Turning thirty is a pretty big deal and i personally don’t know why we put more pressure on ourselves to accomplish all these grand things by thirty, when surviving your twenties is hard enough and reason enough to celebrate the next decade. With COVID19 taking the year of 2020 away from us, it is pretty impossible to leave the house, let alone reach any milestones we set.
I was getting married and divorced in my twenties, moving overseas and not to mention trying not to drown in debt while still living for each weekend. When i was researching the ’30 before 30′ i was shocked to see the lists; people had put down things like ‘travel to 30 states’, ‘adopt a puppy‘ and even ‘take a sabbatical’ I mean how are people meant to do all these things and work and survive financially and mentally!?
We struggle with keeping New Years resolutions and not to mention Australia is pretty far away from everywhere and expensive if you plan on travelling to every continent. The chances of completing the ’30 before 30′ challenge while still living your life is amazing if you can do it, but why beat yourself up if you don’t?
It doesn’t define you what you have accomplished by thirty because thirty isn’t the kind of milestone when you should have your shit together. Just ten years ago we were coming out from being a teenager, straight out of school and we’re supposed to have sorted everything out in the next ten years? The social stigma is that you should have done all these grand things, but who decided that?
What if you were in a relationship most of your twenties and then suddenly you’re single and life is starting again at 29? Are you meant to make a list and spend a year driving yourself crazy to do it?
You might have been in Uni for most of your twenties and couldn’t financially afford to leave your parents house let alone travel for six months around Europe.
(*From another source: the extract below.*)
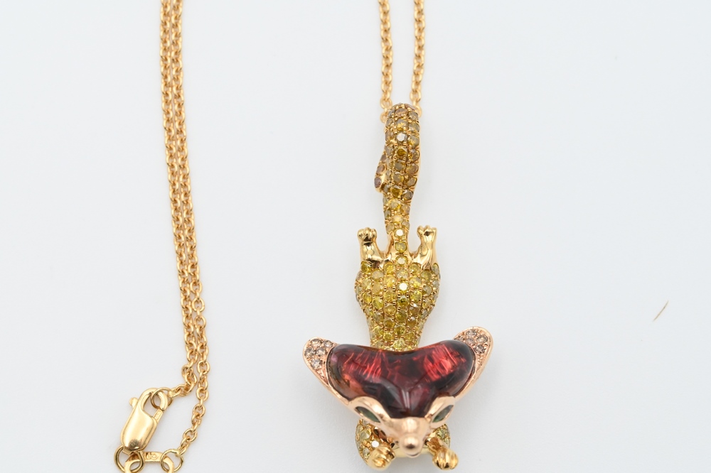 Lot 162: 18 Karat Yellow Gold Fox Pendant, set with large amber stone and diamonds on a 18 karat gold chain, 15 grams total weight.

We all know people who had children and married young so they certainly can’t go and spend every weekend doing bootcamps and trying every winery in the region. These expectations that we are putting on ourselves are attributing to the declining mental health of ourselves and our peers. I am not saying i don’t advocate for goals, I set myself goals every year – realistic goals that aren’t defined by a specific age.
A bucket list is brilliant, but have one that doesn’t make you feel inadequate if you don’t reach it or causes you to spend all your time and money focusing on achieving a list that you can still do in your thirties and be just as proud of.